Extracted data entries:
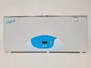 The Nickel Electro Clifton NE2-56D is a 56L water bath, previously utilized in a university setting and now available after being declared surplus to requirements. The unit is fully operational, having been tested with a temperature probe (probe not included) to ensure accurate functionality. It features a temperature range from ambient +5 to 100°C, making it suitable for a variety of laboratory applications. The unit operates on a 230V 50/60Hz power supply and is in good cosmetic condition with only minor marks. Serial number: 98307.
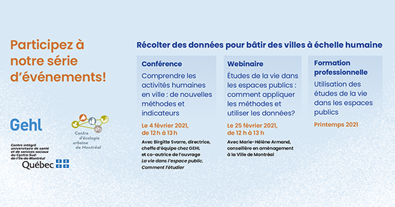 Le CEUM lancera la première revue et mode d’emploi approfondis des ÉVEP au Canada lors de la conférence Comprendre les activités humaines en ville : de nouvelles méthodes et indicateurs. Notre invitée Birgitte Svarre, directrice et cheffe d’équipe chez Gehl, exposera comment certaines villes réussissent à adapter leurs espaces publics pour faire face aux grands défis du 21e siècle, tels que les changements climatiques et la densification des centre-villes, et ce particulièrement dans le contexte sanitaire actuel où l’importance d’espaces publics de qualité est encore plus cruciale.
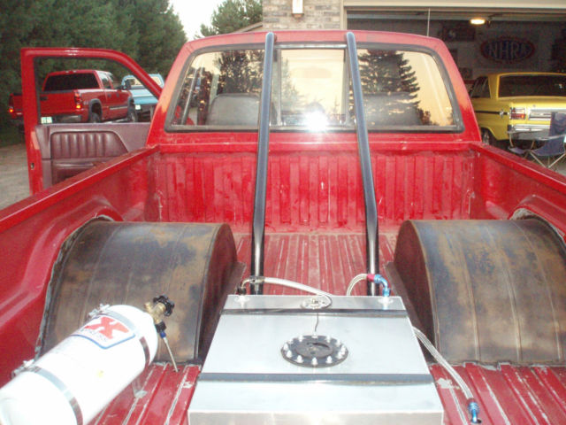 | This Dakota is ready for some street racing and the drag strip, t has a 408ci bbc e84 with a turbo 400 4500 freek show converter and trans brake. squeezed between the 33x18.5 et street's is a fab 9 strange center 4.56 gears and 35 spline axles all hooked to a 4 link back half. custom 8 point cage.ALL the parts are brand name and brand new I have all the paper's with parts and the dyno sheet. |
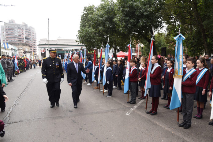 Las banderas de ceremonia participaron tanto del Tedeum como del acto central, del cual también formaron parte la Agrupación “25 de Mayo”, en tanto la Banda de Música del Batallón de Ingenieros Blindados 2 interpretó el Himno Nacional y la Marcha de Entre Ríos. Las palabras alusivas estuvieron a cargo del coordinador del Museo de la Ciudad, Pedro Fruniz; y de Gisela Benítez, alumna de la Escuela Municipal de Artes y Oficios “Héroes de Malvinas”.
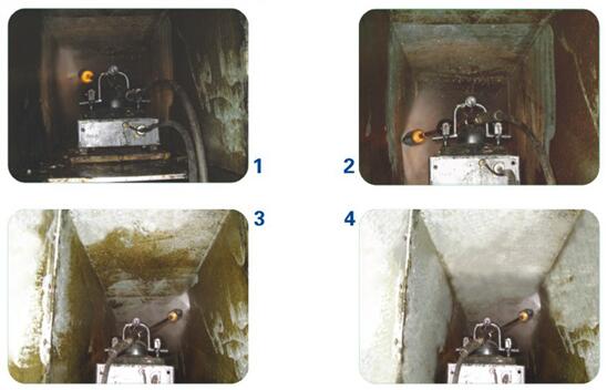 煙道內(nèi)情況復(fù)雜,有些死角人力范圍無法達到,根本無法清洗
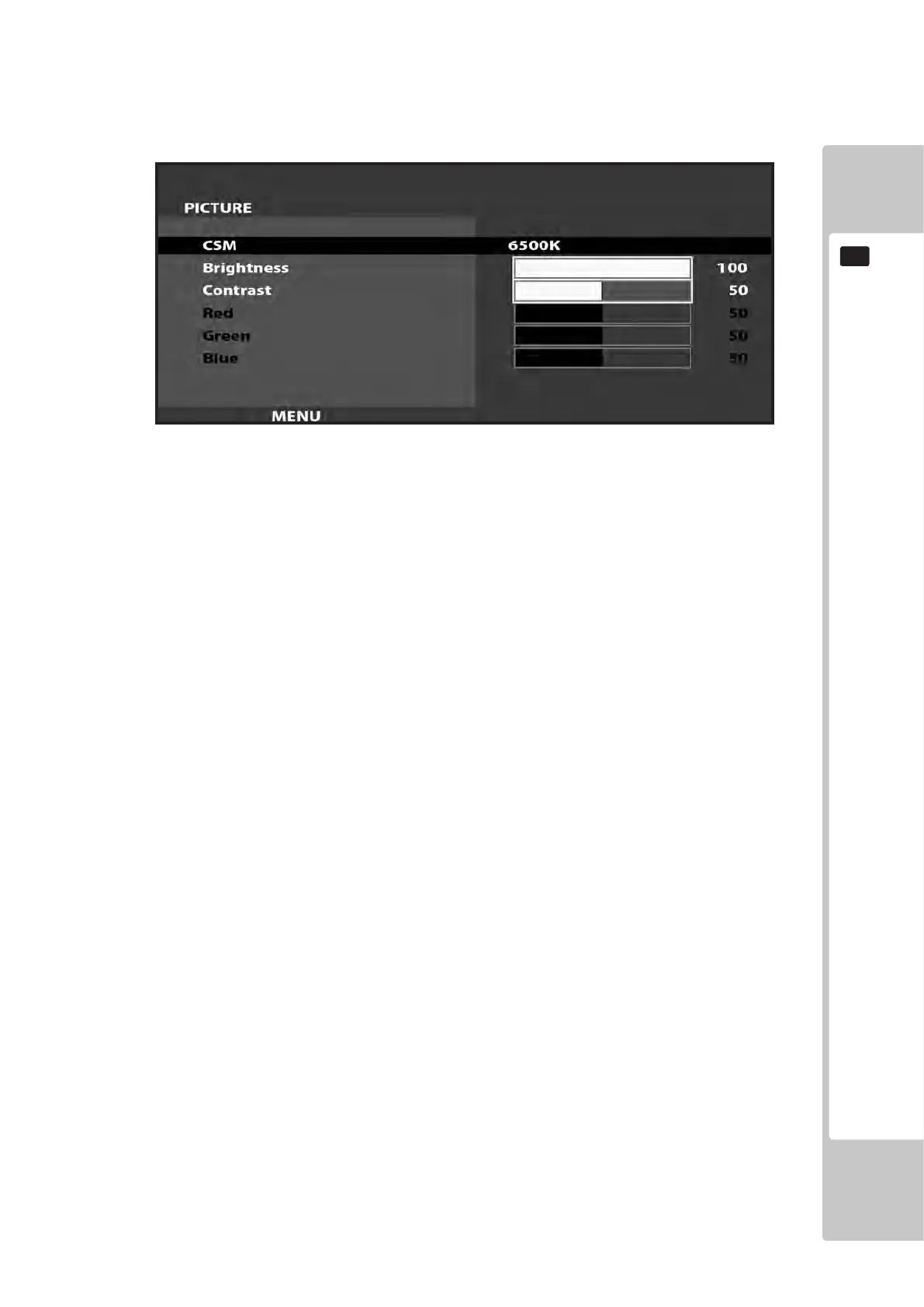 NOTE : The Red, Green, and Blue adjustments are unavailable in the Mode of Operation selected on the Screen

• [What you are asked to do]:
Your answer must be the records exactly as they stand, with no pictures in it.

• [Task answer]:
 The Nickel Electro Clifton NE2-56D is a 56L water bath, previously utilized in a university setting and now available after being declared surplus to requirements. The unit is fully operational, having been tested with a temperature probe (probe not included) to ensure accurate functionality. It features a temperature range from ambient +5 to 100°C, making it suitable for a variety of laboratory applications. The unit operates on a 230V 50/60Hz power supply and is in good cosmetic condition with only minor marks. Serial number: 98307.
 Le CEUM lancera la première revue et mode d’emploi approfondis des ÉVEP au Canada lors de la conférence Comprendre les activités humaines en ville : de nouvelles méthodes et indicateurs. Notre invitée Birgitte Svarre, directrice et cheffe d’équipe chez Gehl, exposera comment certaines villes réussissent à adapter leurs espaces publics pour faire face aux grands défis du 21e siècle, tels que les changements climatiques et la densification des centre-villes, et ce particulièrement dans le contexte sanitaire actuel où l’importance d’espaces publics de qualité est encore plus cruciale.
 | This Dakota is ready for some street racing and the drag strip, t has a 408ci bbc e84 with a turbo 400 4500 freek show converter and trans brake. squeezed between the 33x18.5 et street's is a fab 9 strange center 4.56 gears and 35 spline axles all hooked to a 4 link back half. custom 8 point cage.ALL the parts are brand name and brand new I have all the paper's with parts and the dyno sheet. |
 Las banderas de ceremonia participaron tanto del Tedeum como del acto central, del cual también formaron parte la Agrupación “25 de Mayo”, en tanto la Banda de Música del Batallón de Ingenieros Blindados 2 interpretó el Himno Nacional y la Marcha de Entre Ríos. Las palabras alusivas estuvieron a cargo del coordinador del Museo de la Ciudad, Pedro Fruniz; y de Gisela Benítez, alumna de la Escuela Municipal de Artes y Oficios “Héroes de Malvinas”.
 煙道內(nèi)情況復(fù)雜,有些死角人力范圍無法達到,根本無法清洗
 NOTE : The Red, Green, and Blue adjustments are unavailable in the Mode of Operation selected on the Screen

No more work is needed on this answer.